City Developments (CDL) has sold about 95 per cent of its Oceanfront @ Sentosa Cove since the 257-unit waterfront condominium was launched two weeks ago, while its ultra-posh St Regis Residences is left with only about 30 of the 100 units released for sale.

Oceanfront is fetching more than $1,400 per sq ft (psf), up about 3 per cent from its original launch price. The 174-unit St Regis is averaging between $2,600 and $2,700 psf, with some units hitting highs of more than $3,000 psf.

Another CDL project, Residences @ Evelyn in the Newton area, has had more than 70 units taken up out of the 106 units released in late May at an average price of $1,240 psf.

At Keppel Land's 157-unit Ritz Residences on Devonshire Road, which it started selling in April, about 80 per cent of the 117 units released so far have been snapped up at an average price of at least $1,400 psf.

Other luxury projects are expected to come on the market soon, such as Hong Leong Holdings' 85-unit Tate Residences on Claymore Road and CapitaLand's Scotts HighPark next to the Newton MRT station.

CapitaLand said it would launch its 73-unit development within this quarter. Market-watchers have suggested that the project will be priced in the region of $1,300 psf.

Despite their soaring prices, high-end homes remain good investments: Both the capital values and rents of such properties have risen steadily.

Average capital values of luxury apartments went up by 4.6 per cent in the second quarter this year to hit $1,580 psf, while those of prime freehold condominiums climbed by 3.2 per cent to $910 psf, according to a report released last week by property consultancy DTZ Debenham Tie Leung.

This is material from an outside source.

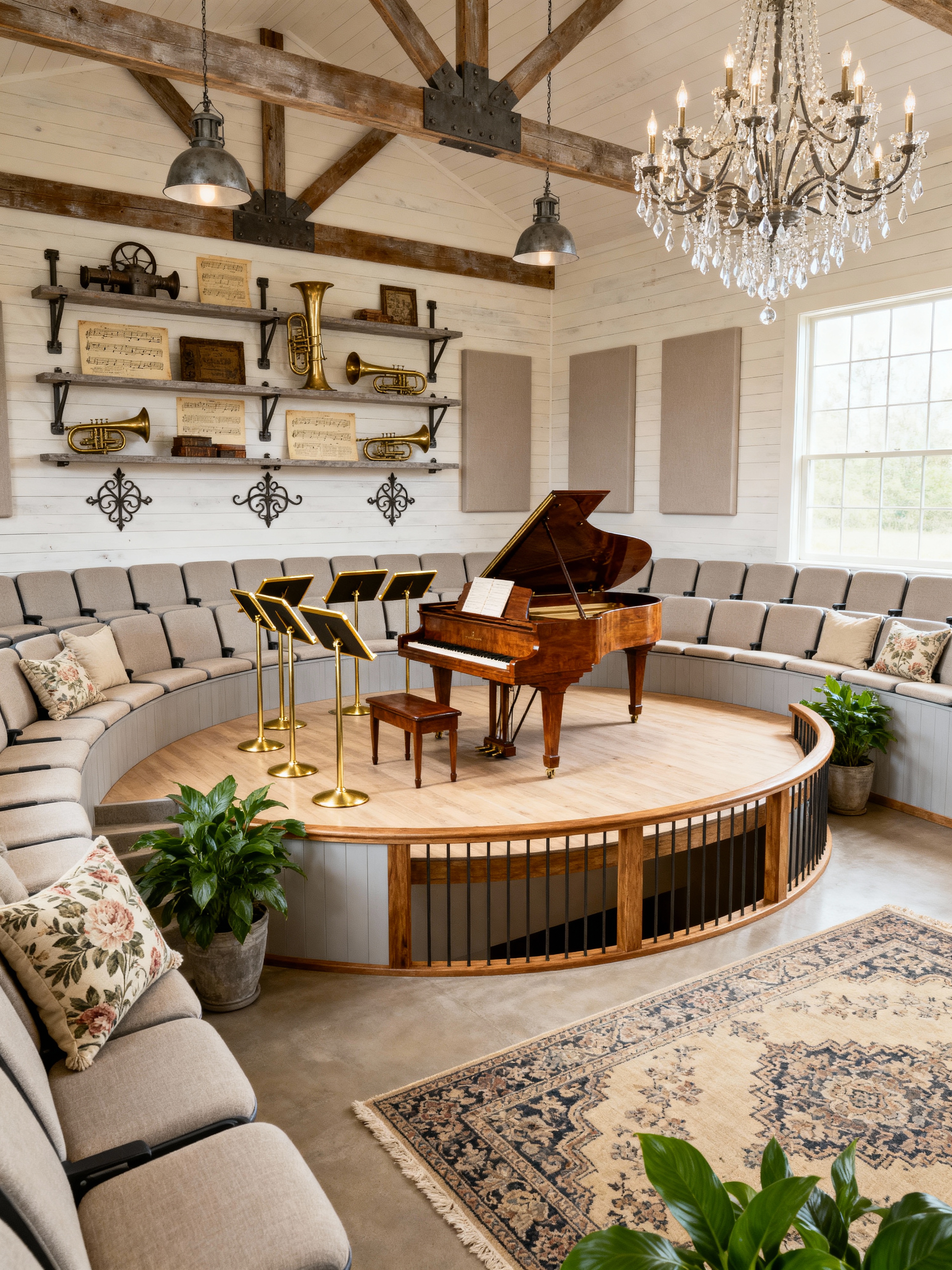 concert hall with farmhouse style with music stands and stage and acoustic panels and chandelier and grand piano and orchestra seats and orchestra pit and elegant decor. . with country style and open shelving and vintage decor and industrial accents and shiplap walls and exposed wood and cozy feel and neutral tones
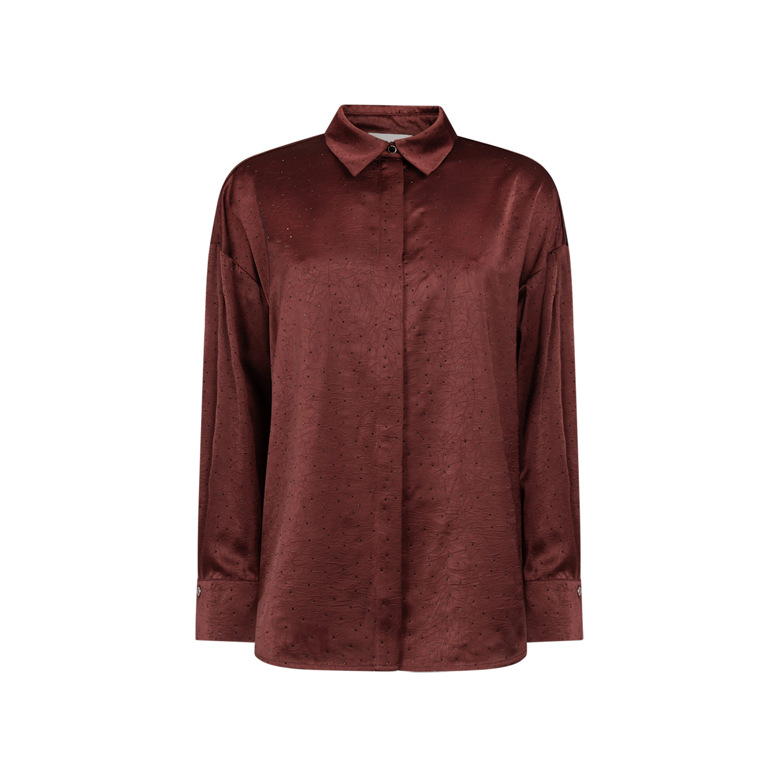 De Aaiko Violet PES Blouse in Vinoa is een elegante blouse van licht, soepel materiaal met een vrouwelijke pasvorm. De diepe vino tint geeft de blouse een warme, verfijnde uitstraling. Ideaal voor zowel chique gelegenheden als stijlvolle casual outfits.

It added that monthly rents of high-end homes in prime residential districts have also increased, by 5.5 per cent in the three months from April to June to average $12,500.

This leasing demand is being driven by companies - especially those in the fast-expanding financial and services sectors - hiring more senior expatriates, DTZ said.

'Similarly, prime rents are expected to continue to increase, with new completions in the high-end segment and lifestyle-driven developments taking the lead.'

Foreign buyers continue to account for a large proportion of the strong demand for luxury homes, making up 45 per cent of all purchases at the highest end, where prices exceed $1,115 psf, said property consultancy Colliers International.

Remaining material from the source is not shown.